Oh bej! Oh bej! (/lmo/ /lmo/; lit. 'oh so nice! oh so nice!') is the most important and traditional Christmas fair in Milan, Italy. It is held from 7 December (day of the patron saint of Milan, Ambrose) until the following Sunday. The fair is also informally known as the Fiera di Sant'Ambrogio (Fera de Sant Ambroeus; 'Saint Ambrose Fair').

The Oh bej! Oh bej! fair has been held in different areas of Milan; until 1886, it was located in Piazza Mercanti (in the surroundings of the Duomo); from 1886 to 2006, it was held by the Basilica of Sant'Ambrogio; in 2006, it was relocated again, to the area of the Sforza Castle.

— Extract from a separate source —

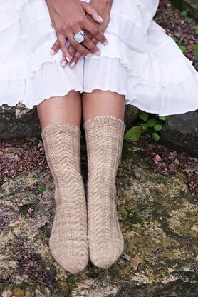 Furlough is a cuff-down sock in 2 sizes with patterned heel-flap and French toe that does not require grafting. The two socks are asymmetrical, featuring a staghorn cable and rib pattern on the first sock and a reverse staghorn cable and rib on the second. These socks will benefit from blocking as the pattern draws in significantly. The design is equally suitable for a man or a woman.

The most typical goods that are sold at Oh bej! Oh bej! are sweets and Christmas or winter delicacies, handcrafts such as Christmas decorations, toys, antiques, souvenirs, bric-à-bracs, and more. The fair is usually very crowded; this is partly because, as Saint Ambrose Day is immediately followed by the Immaculate Conception Day (an Italian national holiday), and potentially be followed by a week-end, the Milanese usually have several free days in the fair's days.

==History==
While celebrations devoted to Ambrose, in Milan, date back to the late 13th century, the actual Oh bej! Oh bej! fair is said to have been established in 1510, on the occasion of Giannetto Castiglione, delegate of Pope Pius IV, visiting Milan on 7 December. According to the legend, Giannetto wanted to ingratiate himself with the Milanese, and thus entered the city carrying boxes full of sweets and toys for the Milanese children. A cheerful crowd followed Giannetto to the Basilica of Sant'Ambrogio, and thereafter the fair was established to commemorate that day. The name Oh bej! Oh bej! is supposedly a reference to the cheerful cries of the Milanese children receiving presents from Giannetto.